首页 > 编程语言> > python – 预测类或类概率？

python – 预测类或类概率？

2019-09-29 15:56:19 作者：互联网

我目前正在使用H2O作为分类问题数据集.我在python 3.6环境中使用H2ORandomForestEstimator测试它.我注意到预测方法的结果给出了0到1之间的值(我假设这是概率).

在我的数据集中,目标属性是数字,即True值是1,False值是0.我确保我将类型转换为目标属性的类别,我仍然得到相同的结果.

然后我修改了代码,使用H2OFrame上的asfactor()方法将目标列转换为factor,结果没有任何变化.

但是当我将目标属性中的值分别更改为1和0时的True和False时,我得到了预期的结果(即)输出是分类而不是概率.

>获得分类预测结果的正确方法是什么？
>如果概率是数值目标值的结果,那么在多类分类的情况下如何处理它？

解决方法:

原则上&在理论上,硬&软分类(即分别返回类和概率)是不同的方法,每个方法都有其自身的优点和优点.缺点.例如,从文件Hard or Soft Classification? Large-margin Unified Machines中考虑以下内容：

Margin-based classifiers have been popular in both machine learning and statistics for classification problems. Among numerous classifiers, some are hard classifiers while some are soft ones. Soft classifiers explicitly estimate the class conditional probabilities and then perform classification based on estimated probabilities. In contrast, hard classifiers directly target on the classification decision boundary without producing the probability estimation. These two types of classifiers are based on different philosophies and each has its own merits.

也就是说,在实践中,今天使用的大多数分类器,包括随机森林(我能想到的唯一例外是SVM系列)实际上是软分类器：它们实际上在下面生成的是类似概率的度量,随后,结合隐式阈值(在二进制情况下通常默认为0.5),给出硬类成员资格,如0/1或True / False.

What is the right way to get the classified prediction result?

对于初学者来说,总是可以从概率转向艰难的阶级,但事实恰恰相反.

一般来说,鉴于你的分类器实际上是一个软分类,只得到最后的硬分类(真/假)给这个过程带来了“黑盒子”的味道,这原则上应该是不合需要的;直接处理产生的概率,并且(重要的！
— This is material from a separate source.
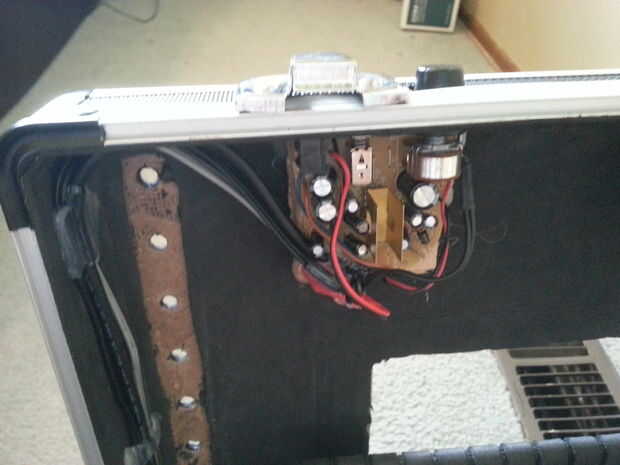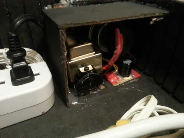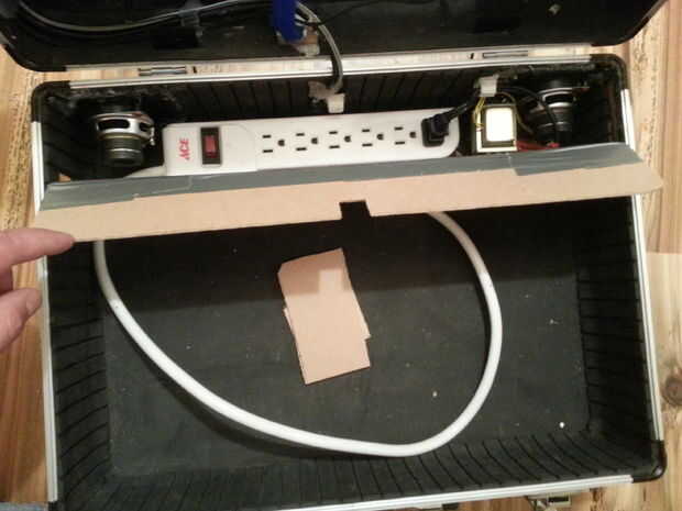 La regleta, altavoces y transformadores encajan muy bien detrás del divisor que hice. Fue agradable que el caso tenía ranuras en los lados.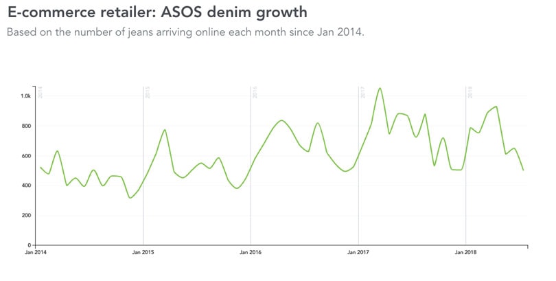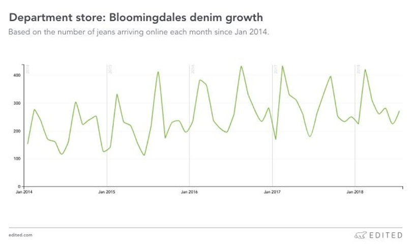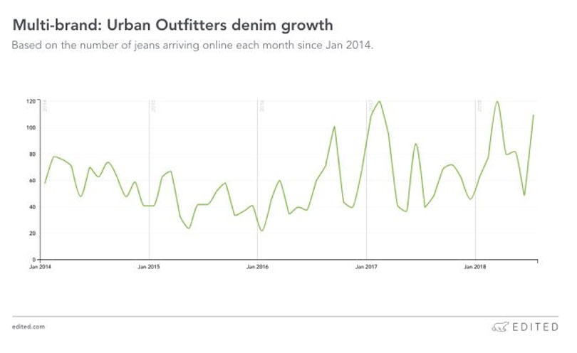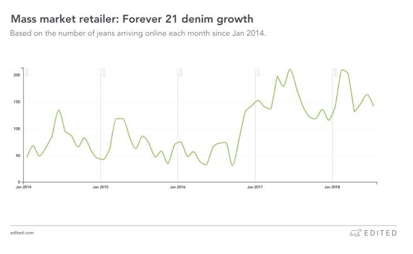 While most retailers have indeed dropped their denim offering between 2015 and 2016, the category has seen a boost in the last 18 months. According to Edited, there is 42 percent more product in stock this quarter, compared to the same period last year. Forever 21, for example, added 120 new jeans to its catalog in February 2018 -- the highest number in four years.

)明确地控制决策阈值应该是这里的优选方式.根据我的经验,这些是新的从业者经常失去的微妙之处;从Cross Validated线程Classification probability threshold中考虑以下内容：

the statistical component of your exercise ends when you output a probability for each class of your new sample. Choosing a threshold beyond which you classify a new observation as 1 vs. 0 is not part of the statistics any more. It is part of the decision component.

除了如上所述的“软”参数(双关语)之外,还有一些情况需要直接处理基础概率和阈值,即二进制分类中默认阈值为0.5的情况会导致您误入歧途,最明显的是当您的课程是不平衡的;请参阅我在High AUC but bad predictions with imbalanced data的答案(以及其中的链接),了解这种情况的具体例子.

说实话,我对你报告的H2O的行为感到惊讶(我没有亲自使用它),即输出的类型受输入表示的影响;情况应该不是这样,如果确实如此,我们可能会遇到设计不良的问题.比较scikit-learn中的随机森林分类器,它包括两种不同的方法,predict和predict_proba,分别得到硬分类和基础概率(并检查文档,很明显,预测的输出是基于概率估计,已经计算过).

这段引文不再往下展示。